India's anti-dowry laws are aimed at tackling the husbands and in-laws who, even though they have received a dowry on marriage, abuse a woman afterwards so that she asks her parents to hand over yet more cash, jewellery and consumer goods.

The mistreatment is so common that the law allows the police to arrest a man the moment his wife alleges that he demanded more dowry. No evidence has to be produced. Bail depends on the discretion of the judge. The man is considered guilty until he can prove his innocence.

Mr Dalal ended up being vilified. He lost his job. His elderly mother lost her government job and with it her state pension.

In 2012, however, his name was cleared by the courts. It turned out his fiancée had been in love with another man. She did not want to marry Mr Dalal but was too scared to say so to her parents. Accusing him falsely of demanding dowry was her way of getting out of the marriage.

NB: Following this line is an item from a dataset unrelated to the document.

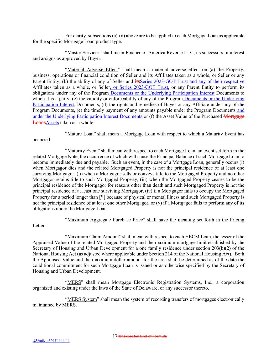 17!Unexpected End of Formula USActive 59174144.11 For clarity, subsections (a)-(d) above are to be applied to each Mortgage Loan as applicable for the specific Mortgage Loan product type. “Master Servicer” shall mean Finance of America Reverse LLC, its successors in interest and assigns as approved by Buyer. “Material Adverse Effect” shall mean a material adverse effect on (a) the Property, business, operations or financial condition of Seller and its Affiliates taken as a whole, or Seller or any Parent Entity, (b) the ability of any of Seller and itsSeries 2023-GOT Trust and any of their respective Affiliates taken as a whole, or Seller, or Series 2023-GOT Trust, or any Parent Entity to perform its obligations under any of the Program Documents or the Underlying Participation Interest Documents to which it is a party, (c) the validity or enforceability of any of the Program Documents or the Underlying Participation Interest Documents, (d) the rights and remedies of Buyer or any Affiliate under any of the Program Documents, (e) the timely payment of any amounts payable under the Program Documents and under the Underlying Participation Interest Documents or (f) the Asset Value of the Purchased Mortgage LoansAssets taken as a whole. “Mature Loan” shall mean a Mortgage Loan with respect to which a Maturity Event has occurred. “Maturity Event” shall mean with respect to each Mortgage Loan, an event set forth in the related Mortgage Note, the occurrence of which will cause the Principal Balance of such Mortgage Loan to become immediately due and payable. Such an event, in the case of a Mortgage Loan, generally occurs (i) when Mortgagor dies and the related Mortgaged Property is not the principal residence of at least one surviving Mortgagor, (ii) when a Mortgagor sells or conveys title to the Mortgaged Property and no other Mortgagor retains title to such Mortgaged Property, (iii) when the Mortgaged Property ceases to be the principal residence of the Mortgagor for reasons other than death and such Mortgaged Property is not the principal residence of at least one surviving Mortgagor, (iv) if a Mortgagor fails to occupy the Mortgaged Property for a period longer than [*] because of physical or mental illness and such Mortgaged Property is not the principal residence of at least one other Mortgagor, or (v) if a Mortgagor fails to perform any of its obligations under the Mortgage Loan. “Maximum Aggregate Purchase Price” shall have the meaning set forth in the Pricing Letter. “Maximum Claim Amount” shall mean with respect to each HECM Loan, the lesser of the Appraised Value of the related Mortgaged Property and the maximum mortgage limit established by the Secretary of Housing and Urban Development for a one family residence under section 203(b)(2) of the National Housing Act (as adjusted where applicable under Section 214 of the National Housing Act). Both the Appraised Value and the maximum dollar amount for the area shall be determined as of the date the conditional commitment for such Mortgage Loan is issued or as otherwise specified by the Secretary of Housing and Urban Development. “MERS” shall mean Mortgage Electronic Registration Systems, Inc., a corporation organized and existing under the laws of the State of Delaware, or any successor thereto. “MERS System” shall mean the system of recording transfers of mortgages electronically maintained by MERS.

This is precisely the kind of abuse of the law that the Supreme Court acted on with a ruling last month saying the police cannot arrest a man on the basis of mere allegation.

The judges said the law was being misused by “disgruntled wives as a weapon”. In future, the police will have to give reasons for the arrest. This evidence would then be examined by a magistrate.

The judges pointed to the fact that the conviction rate in dowry harassment cases is only 15 per cent of all the cases registered.

It’s a welcome decision. Many innocent men have been wrongly arrested. Lawyers have said that the law was being used by some wives to persecute husbands and settle scores.

But there is a problem with the statistics.

According to government figures, more than 8,233 women were killed across India in 2012 over demands for dowry from the groom and his family. That is almost one woman every hour.

The evil that the law was intended to stop has not gone away. Nor is the custom of giving dowry fading. If anything, it is becoming even more entrenched.

Perhaps it didn’t occur to the judges that, if the conviction rate in dowry cases is low, it might be connected with the fact that it is hard to prove harassment by in-laws.

If you are denied food, locked up in a room, verbally abused, threatened and refused all contact with your parents and friends, it is not easy to provide evidence of this kind of cruelty.

Secondly, given the acceptance of dowry in Indian society – even though it was banned in 1961 – it is possible that the police are not very thorough in their investigations.

After all, in their eyes, it may be a crime in law, but it is not a crime in culture. It’s possible that they bungle investigations, leading to a low conviction rate.

Moreover, many women who go to the police to report harassment over dowry later come under tremendous pressure from their husband and in-laws – and also from their own parents who fear the stigma of a police case – to retract.

In India, the imperative is to keep the family together and preserve its reputation, at any cost. Lawyers say that this could well account for the high acquittal rate.

If it is not this pressure that makes a woman withdraw the case, it can be the fact that dowry-related cases drag on for years and years.

If the woman’s family does not have the financial resources to keep paying legal fees over such a long period, no wonder it decides to settle out of court. So yes, the ruling by the Supreme Court diluting the law is sensible because it is unfair to arrest a man without having a reasonable reason for doing so.

But it does not alter the unfortunate fact that demanding and giving dowry is as widespread as ever, along with all its attendant horrors that it might bring, such as domestic violence, harassment and torture.

By using words such as “legal terrorism” and “disgruntled wives’’, the Supreme Court judges have created the impression that vindictive women are making life miserable for their husbands.

Let’s not forget, however, that it is an Indian woman dying senselessly every hour, not an Indian man.